On the Israeli side, one protester told CP24 she came to the rally to speak out against Gaza’s Hamas rulers.

“I think the enemy here is common to both sides,” one protester on the Israeli side who identified herself as Danielle told CP24. “We should be fighting terrorism, not each other. It is Hamas who is holding Gaza hostage and is responsible for those pictures of dead kids.”

She added that most Israelis and Palestinians want to live in peace.

At the height of both protests, some skirmishes broke out between protesters as both camps yelled at one another. However police did not immediately report any arrests or injuries.

Just metres away from the pro-Israeli protest, one pro-Palestinian demonstrator said shouting at each other won’t help anything.

“I’ve been to protests since I was a teenager. This never works, it just fuels hatred,” she said. “But in two minutes I found the most super-charged person on the other side with the most opposite opinion as us. I found him and I wanted to talk to him and all I wanted to ask him was what his name was and that’s the only way this thing is going to work out – if we just sit down and talk to each other as human beings.”

Around 3:45 p.m. hundreds of Palestinian supporters marched to the U.S. consulate to demand that the U.S. take stronger action to halt the bloodshed.

At the same time, the Israeli protesters set up a simulation at Queen’s Park to demonstrate the rocket sirens some Israelis live with daily.

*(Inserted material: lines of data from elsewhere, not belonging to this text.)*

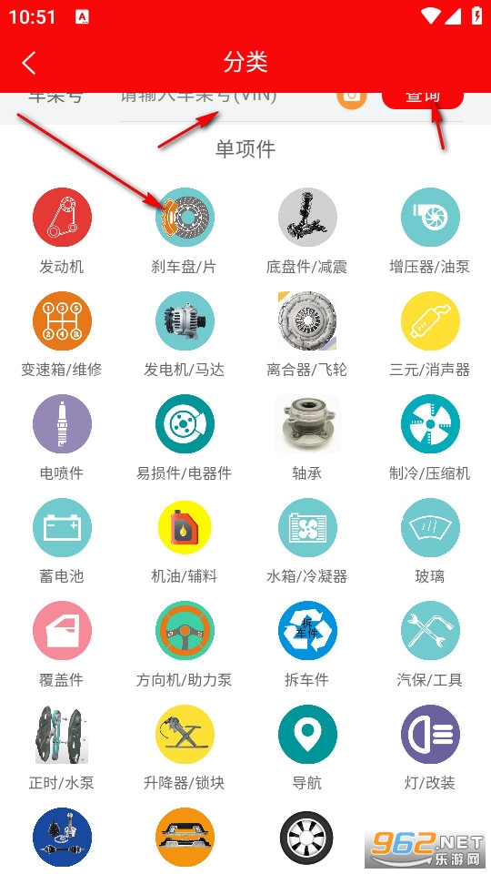 然后选择我们的单项件,如果你不知道需要采购什么东西,可以将需求物品的车架号输入上方进行查询。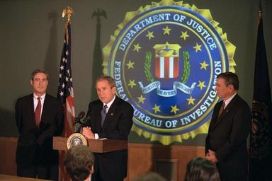 | Keywords: washington d.c. dc u.s. national archives usnationalarchives 9/11 911 president george w. bush presidentgeorgewbush nara:arcid=5997351 federal bureau of investigation federalbureauofinvestigation groupshot people indoor Original Caption: President George W. Bush addresses the media during a tour of Federal Bureau of Investigation (FBI) Headquarters with Director Robert Mueller, left, and U.S. Attorney General John Ashcroft. U.S. National Archives’ Local Identifier: P7784-32 Created By: President (2001-2009 : Bush). Office of Management and Administration. Office of White House Management. Photography Office. (01/20/2001 - 01/20/2009) From: Photographs Related to the George W. Bush Administration, compiled 01/20/2001 - 01/20/2009 Production Dates: 09/25/2001 Persistent URL: arcweb.archives.gov/arc/action/ExternalIdSearch?id=5997351 Repository: George W. Bush Library (Lewisville, TX) Access Restrictions: Unrestricted Use Restrictions: Unrestricted Original Caption: President George W. Bush addresses the media during a tour of Federal Bureau of Investigation (FBI) Headquarters with Director Robert Mueller, left, and U.S. Attorney General John Ashcroft. U.S. National Archives’ Local Identifier: P7784-32 Created By: President (2001-2009 : Bush). Office of Management and Administration. Office of White House Management. Photography Office. (01/20/2001 - 01/20/2009) From: Photographs Related to the George W. Bush Administration, compiled 01/20/2001 - 01/20/2009 Production Dates: 09/25/2001 Persistent URL: arcweb.archives.gov/arc/action/ExternalIdSearch?id=5997351 Repository: George W. Bush Library (Lewisville, TX) Access Restrictions: Unrestricted Use Restrictions: Unrestricted |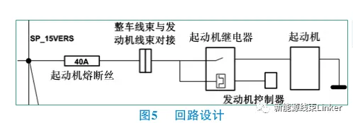 由此得知,此處繼電器燒蝕時的電流應(yīng)該不超過40 A,否則熔斷絲會熔斷從而斷開回路。根據(jù)燒蝕最嚴(yán)重的位置處于繼電器內(nèi)部,推測可能是繼電器內(nèi)部有持續(xù)或者間斷的小電流流通,導(dǎo)致繼電器引腳反復(fù)吸合從而過熱,進而引發(fā)整個繼電器的燒蝕。繼續(xù)檢查此處的回路設(shè)計,原理如圖5所示。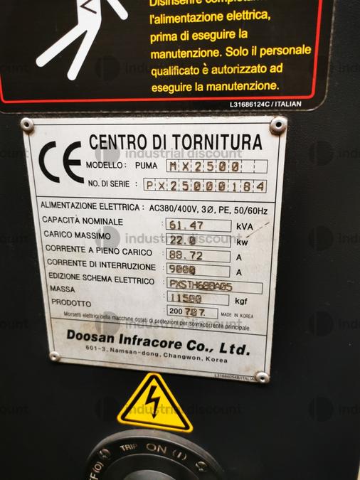 Centro di tornitura marca Doosan modello PUMA MX 2500, anno 2007.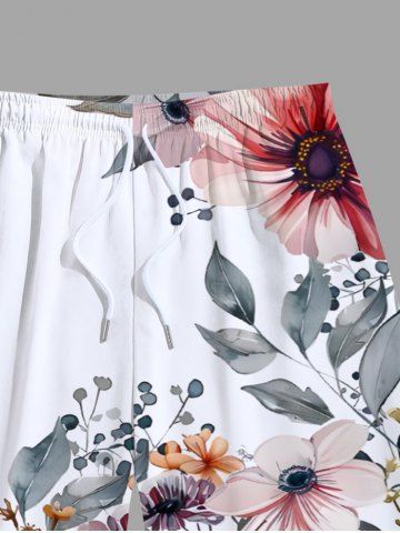 Short de Plage de Grande Taille Imprimé de Feuilles de Fleurs - Blanc - Blanc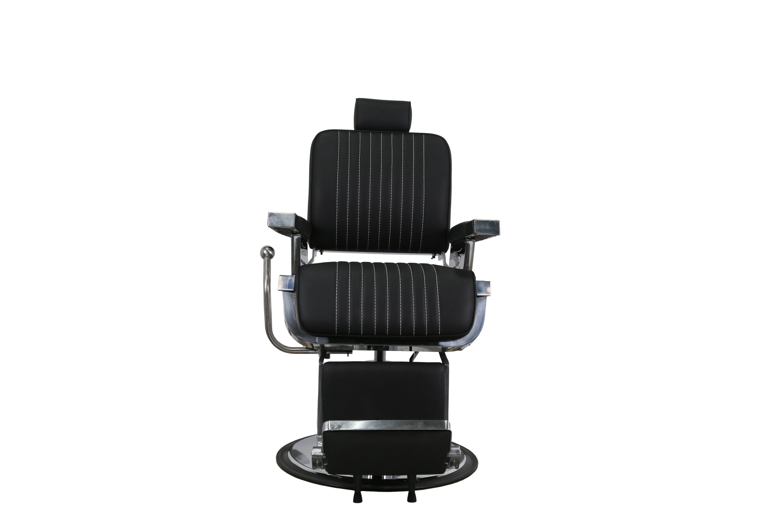 Retro Striped Hydraulic Barber Chair with Reclining Back and Adjustable Headrest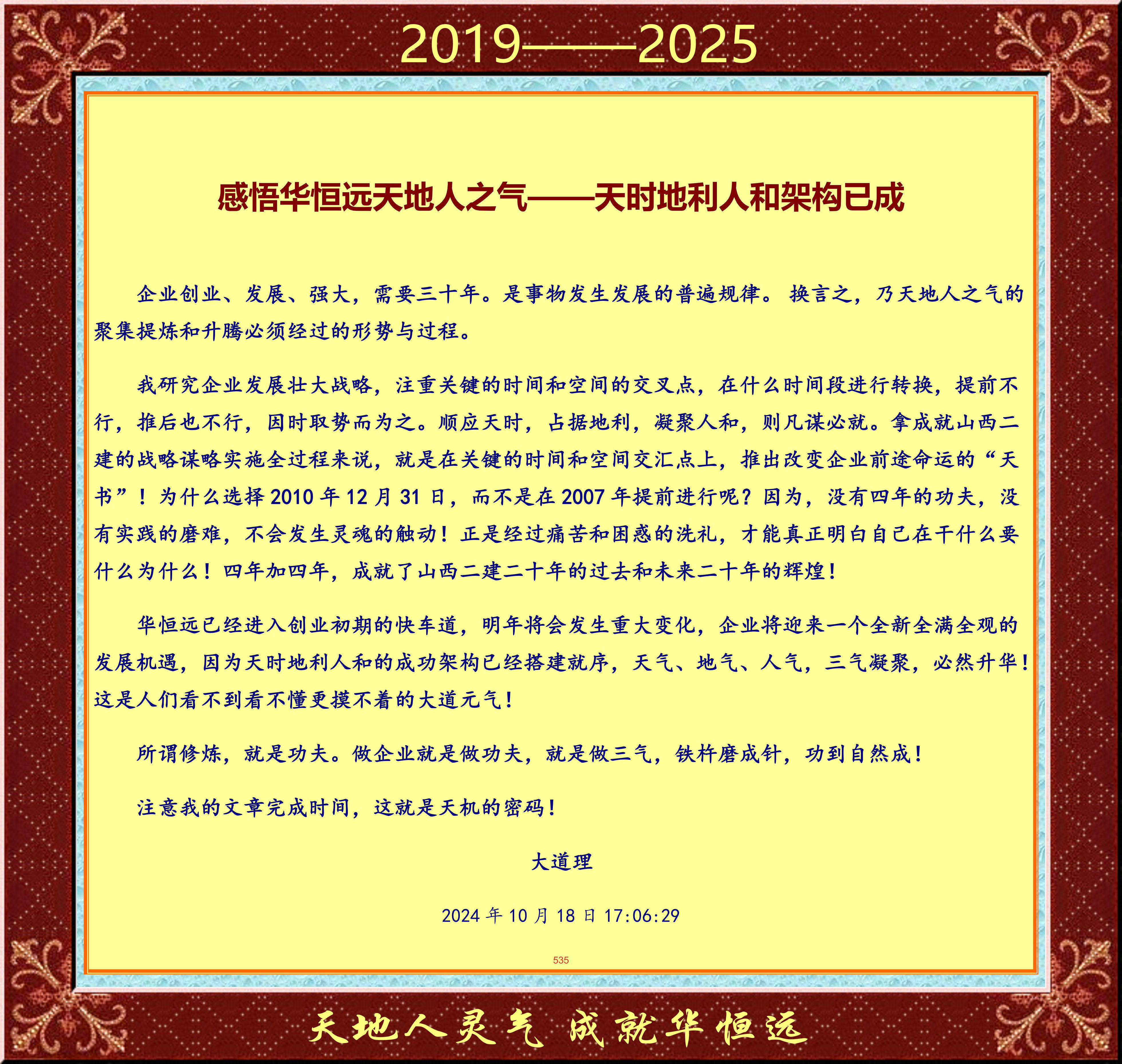 華恒遠(yuǎn)已經(jīng)進(jìn)入創(chuàng)業(yè)初期的快車道,明年將會發(fā)生重大變化,企業(yè)將迎來一個全新全滿全觀的發(fā)展機(jī)遇,因為天時地利人和的成功架構(gòu)已經(jīng)搭建就序,天氣、地氣、人氣,三氣凝聚,必然升華!這是人們看不到看不懂更摸不著的大道元氣!

Both protests broke up by around 5 p.m. Police did not immediatly provide a crowd estimate for either gathering.

As the bloody conflict continues, passions have spilled over in cities across the globe, with protests held around the world in recent weeks.

The GTA has also seen some of the tensions spill over recently with anti-Muslim graffiti found scrawled outside a mosque in Thornhill and anti-Semitic graffiti found outside a bus shelter in the area several days later. York Regional Police have said they are investigating both incidents.